Whether you're using SDK or harness based agents, having evals means you're able to modify any part of your agent and still know what satisfies your "good enough".
It's great for designing products that are easy to change as well.
Whatever reason people have to run those (cheaper? backwards compatibility once you get something running) surely applies to the open models too, maybe even more so.
Right now, due to profound shortfalls in both data and hardware compared to the US labs, the OSS models are IMO basically technology demonstrators that in practise are even more jagged than the US labs' efforts. The high points of the jaggedness are close - but number of happy paths is many times fewer, and their behaviour inside the harness is far less refined. Barring some incredible breakthrough I don't think that is changing without a much higher level of resources - which seems impossible given the current hardware environment.
I have no reason to think that Anthropic or OpenAI are in possession of some secret sauce that the Chinese labs can't duplicate given the right resources, but the fact remains that absent those resources they'll remain behind. Barring some incredible bombshell reveal from Huawei I don't think this asymmetry resolves in a year. In three years it may well be a different story.
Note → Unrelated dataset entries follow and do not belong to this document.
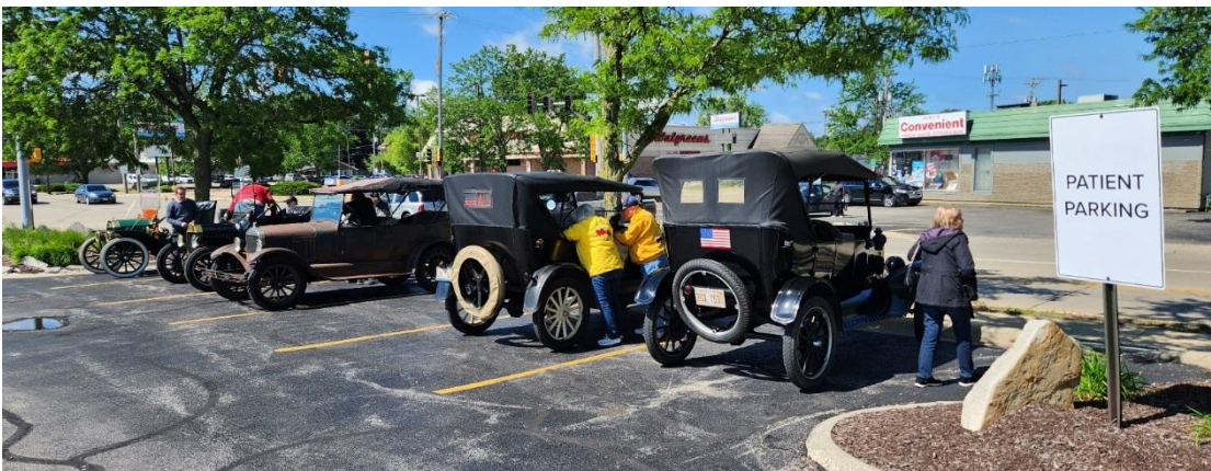
Does the sign mean you should be patient when parking a Model T?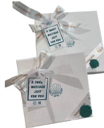
Luxury praline box pages 13 - 15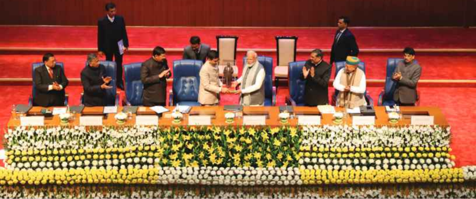
The Chief Justice of India, Dr. D. Y. Chandrachud presenting a memento to the Prime Minister of India, Shri Narendra Modi in the presence of the Judges of the Supreme Court, Minister of State for Law and Justice (I/C), President of the Supreme Court Bar Association and Chairman of the Bar Council of India, at the commemoration of Diamond Jubilee Year

But the question was about whether the Chinese labs will have fable-equivalence in 1 year. I am by no means some kind of insider, but knowing the vaguest outlines of what went into Mythos, they just can't do it. The compute is not there. The Chinese engineers are incredible, but they're not literal magicians.
Of course there could be something incredible to come out of left field and overturn the apple cart yet again, but that's speculation. It would be awesome, sure! But I wouldn't bet too heavily on it.
And FWIW - again, no disrespect at all to the Chinese engineers but I don't rate GLM5.2 as being even close to opus 4.6. It can hit a few benchmarks, sure, that's the top edge of the "jag". But filling in the rest of the capabilities - again, it takes compute and data the OSS labs just don't have, that anyone knows about at least.